====== DATA FOR THIS EXERCISE ======

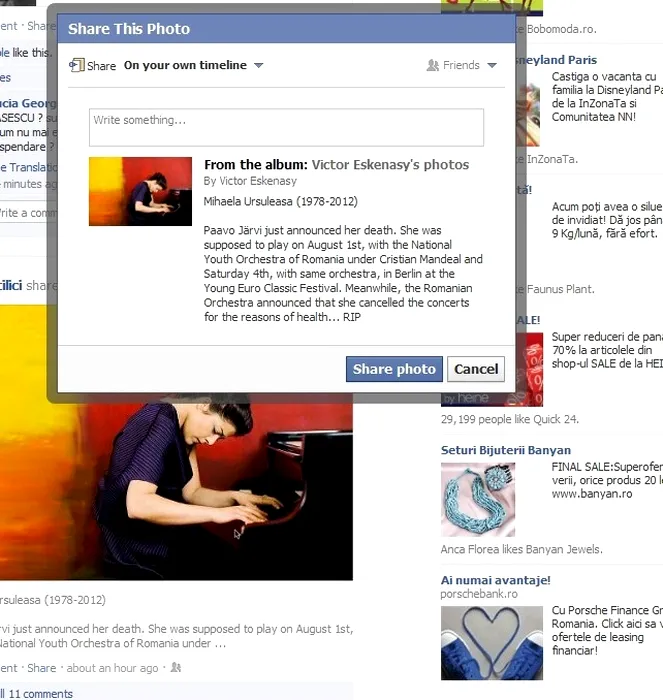 Pianista Mihaela Ursuleasa a murit
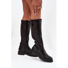 Izolované dámské kozačky na nízkém podpatku s přezkami Černé Sorelle
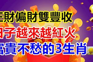 正財偏財雙豐收,事業蒸蒸日上,日子越來越紅火,富貴不愁的生肖
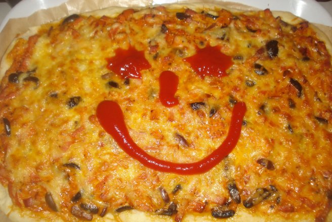 Dupa ce a crescut aluatul il intindem in tava,punem umplutura si intindem sa acopere toata suprafarta,radem cascaval si dam tava la cuptor.Se serveste cu kechup....pam-pam...
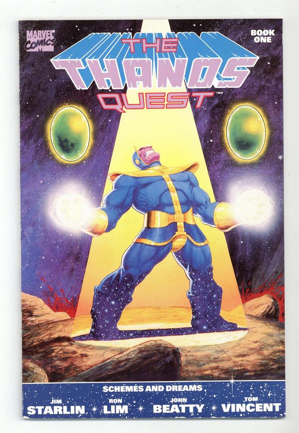 1st Printing. "Schemes and Dreams!" Written by Jim Starlin. Art by Ron Lim John Beatty. Six Soul Gems. NOTE: This tale picks up after the events of Silver Surfer (1987 2nd Series) #38. Thanos the Mad Titan has been resurrected by the entity known as Death. Resurrected and given a dark mission. In order to accomplish this mission, Thanos will seek ultimate power - the Soul Gems! Individually, they contain power beyond comprehension. Together, they could destroy a universe. And Thanos must have them all.… Featuring the Elders of the Universe Champion and Gardiner, and the nefarious In-Betweener. 48 pages, FC Cover price $4.95.
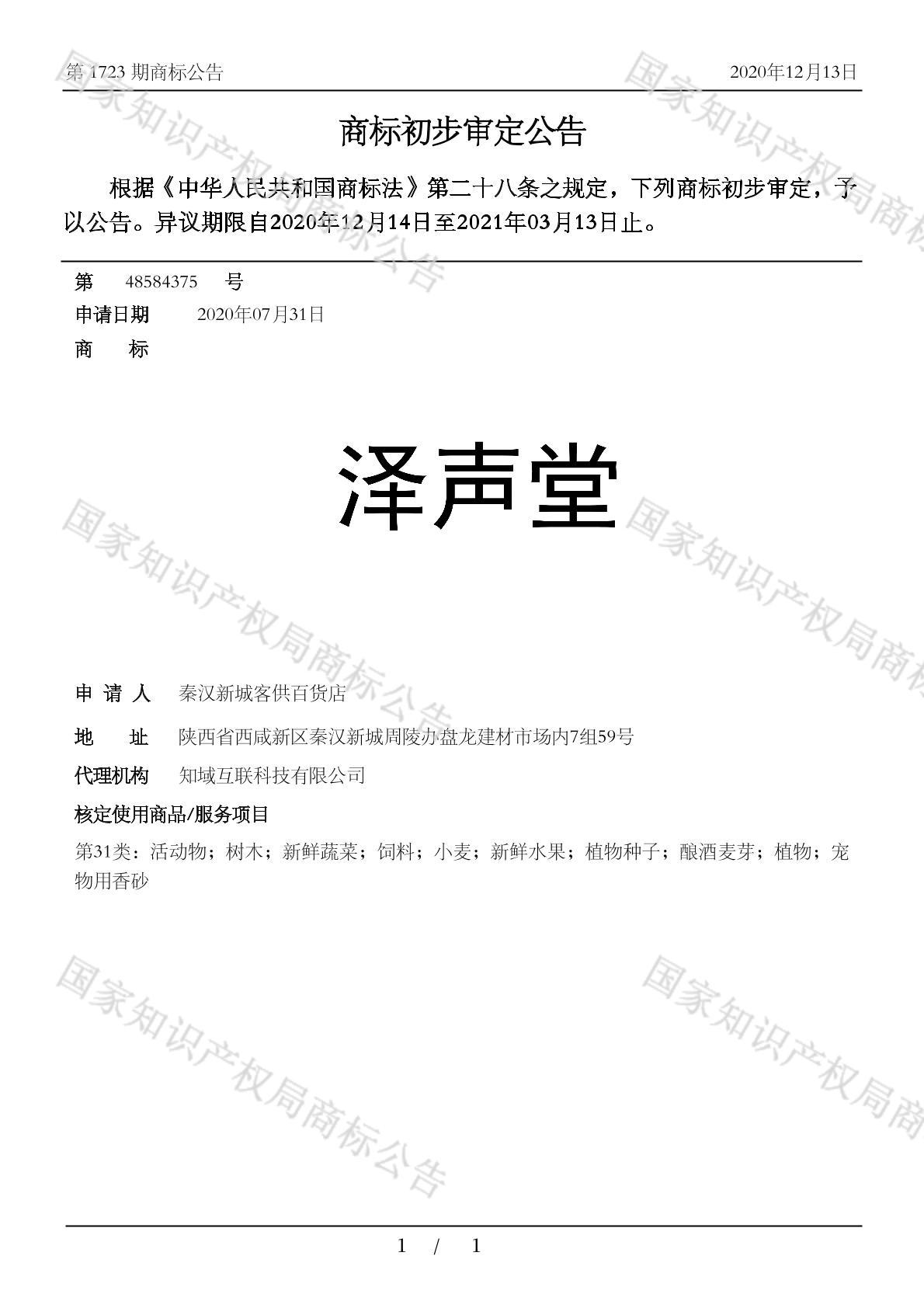 您当前位置:首页商标转让31类商标泽声堂

======

- **EXERCISE AIM**
Repeat the data above exactly; images are not part of the copy.

- **EXERCISE SOLUTION**
 Pianista Mihaela Ursuleasa a murit
 Izolované dámské kozačky na nízkém podpatku s přezkami Černé Sorelle
 正財偏財雙豐收,事業蒸蒸日上,日子越來越紅火,富貴不愁的生肖
 Dupa ce a crescut aluatul il intindem in tava,punem umplutura si intindem sa acopere toata suprafarta,radem cascaval si dam tava la cuptor.Se serveste cu kechup....pam-pam...
 1st Printing. "Schemes and Dreams!" Written by Jim Starlin. Art by Ron Lim John Beatty. Six Soul Gems. NOTE: This tale picks up after the events of Silver Surfer (1987 2nd Series) #38. Thanos the Mad Titan has been resurrected by the entity known as Death. Resurrected and given a dark mission. In order to accomplish this mission, Thanos will seek ultimate power - the Soul Gems! Individually, they contain power beyond comprehension. Together, they could destroy a universe. And Thanos must have them all.… Featuring the Elders of the Universe Champion and Gardiner, and the nefarious In-Betweener. 48 pages, FC Cover price $4.95.
 您当前位置:首页商标转让31类商标泽声堂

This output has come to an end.